Rising cases in the state were reported Friday by the Los Angeles Times, with public health data through this summer revealing just how significant the increase has been. Some health experts have said that while cases are returning to numbers seen years ago, not reaching unprecedented new heights, there is still some concern over just how contagious the illness is once it starts spreading.
“It’s a big year, no doubt, but I don’t think it’s dramatically bigger than big years before the pandemic,” Mark Sawyer, a professor of pediatrics at UC San Diego, told the health and medicine journal Stat. Still, he added, “it’s a very, very contagious infection, so once it gets going, it does spread among susceptible people, and we may have built up a bigger susceptible population than we usually did.”  
Early symptoms, including a mild cough, runny nose and low-grade fever, are similar to that of the common cold. But the bacterial illness can progress and become much worse with what the CDC describes as “rapid, violent, and uncontrolled coughing fits,” in which patients may struggle to breathe, vomit and even break a rib. Infants face especially high risks of dangerous complications.
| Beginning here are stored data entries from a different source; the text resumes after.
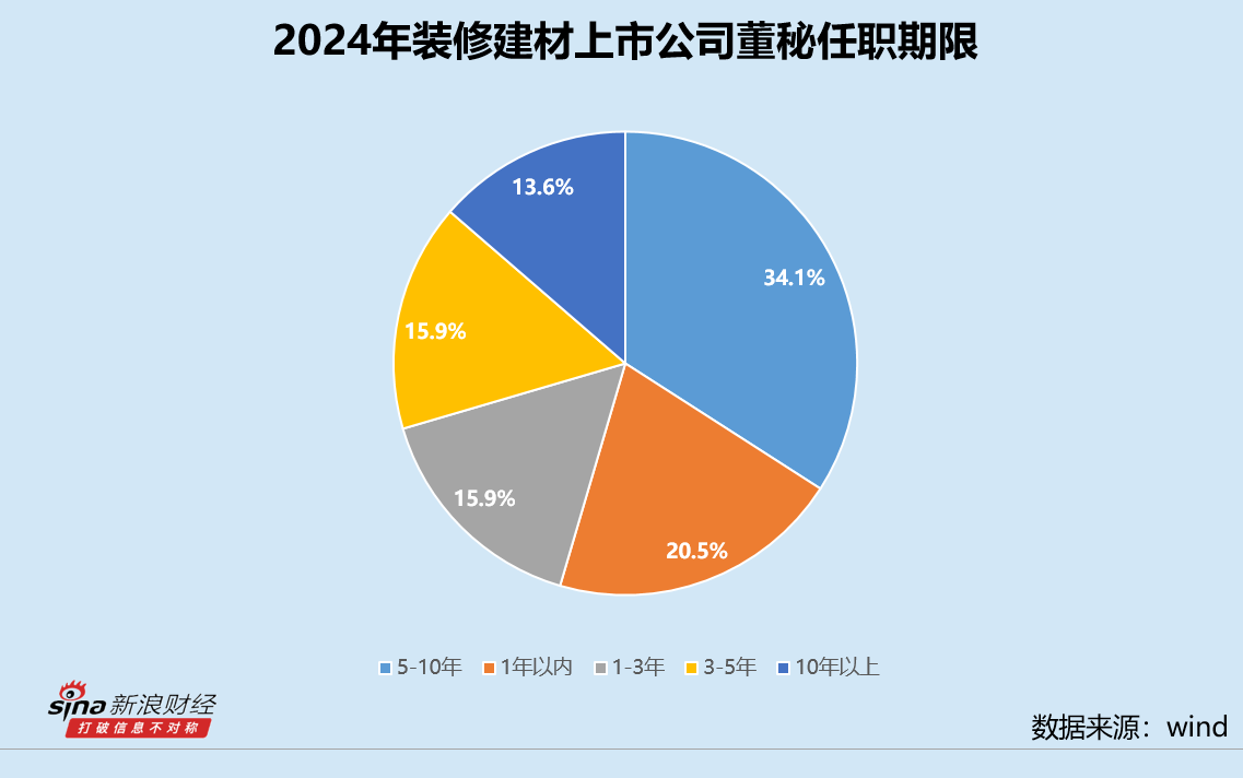 就任职期限而言,2024年装修建材上市公司董秘以中长期为主,任职时间在5-10年的占比最高,约为34.1%;任期在1年以内的董秘群体次之,约占比20.5%;任职1-3年和3-5年的董秘群体均占比15.9%,有6位董秘在岗位坚守超10年。任职时间最长的是伟星新材谭梅,她自2007年12月开始担任董事会秘书一职,至今已接近18年。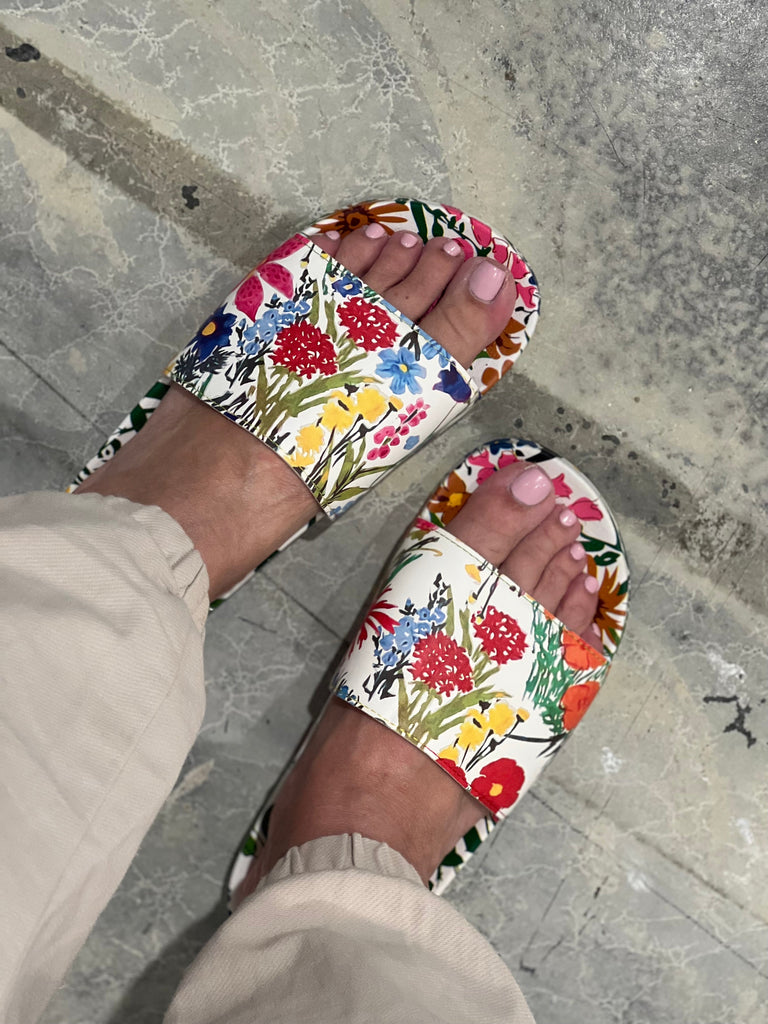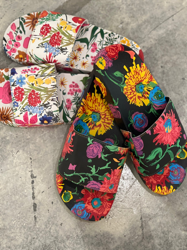 Be stylish and comfortable in our Flower Girl floral printed slides. With a molded footbed and cushioned upper you are sure to run around town in style.
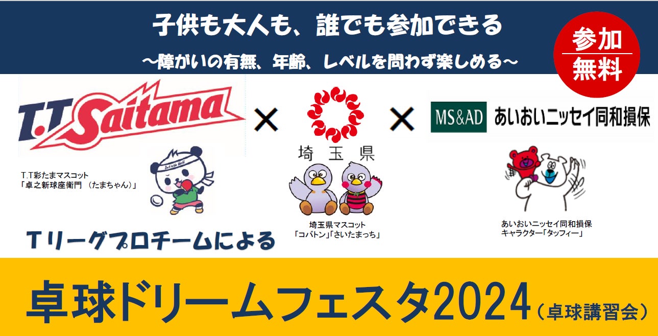 埼玉県では、プロ卓球チーム・T.T彩たま株式会社及びあいおいニッセイ同和損害保険株式会社と連携し、卓球講習会を8月31日(土曜日)に開催します!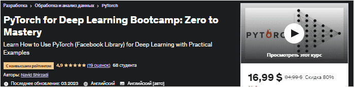 [Udemy] PyTorch для глубокого обучения Bootcamp: от нуля до мастерства (2023)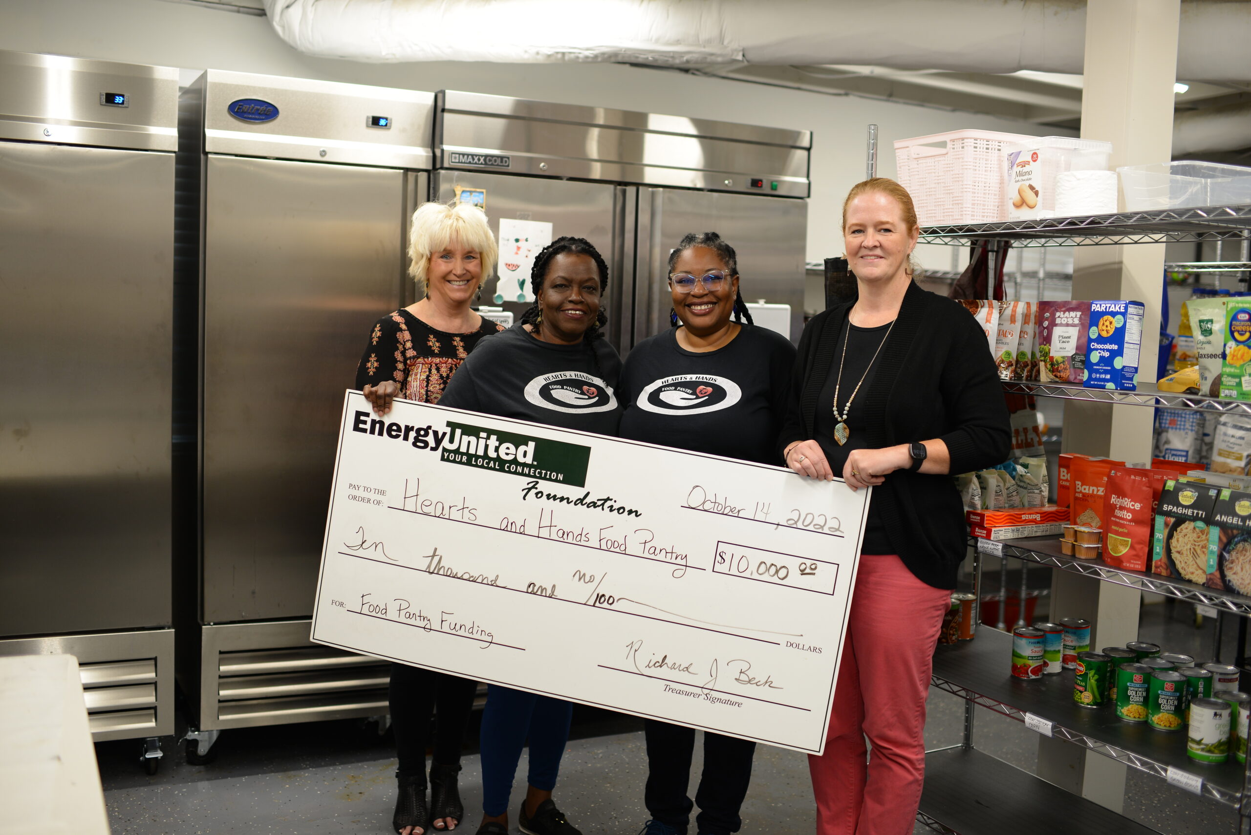STATESVILLE, N.C. – The EnergyUnited Foundation has donated $10,000 to Hearts and Hands Food Pantry of Huntersville to provide support for the purchase of additional refrigeration and freezing equipment and for the bulk purchase of food.

Across California, there has been a 605.4% spike in cases since the start of this year through Sept. 30, the latest data available from the state Department of Public Health. It’s the highest number of whooping cough infections seen statewide since 2019. 
There have been 1,744 cases reported in California during that time compared to 288 in 2023. 
More than a quarter of the state’s cases have been in San Diego, where there were 470 compared to just 85 last year — marking an increase in the county of roughly 553%. In LA County, they went up by 219.9%, from 85 in 2023 to 186 this year.
For cases through the early summer, the jump in California cases was significantly higher than the increase seen nationwide. Between Jan. 1 and June 1, the number of U.S. cases more than doubled from the year before — an increase of about 284.7%. But in California, the number of cases for about the same time span were more than six times as high as last year — a leap of 642.5%.
Still, the number of infections this year is far from the most the state has seen. 
More than 9,000 cases were reported in 2010, the most cases seen in over 60 years in an outbreak that led to the deaths of 10 infants. Four years later, the state reported more than 11,209 cases, with two infants dying from the respiratory illness.
Babies are at especially high risk of suffering dangerous complications from the illness. The CDC reports more than a third of infants younger than 12 months old who get whooping cough need treatment in a hospital.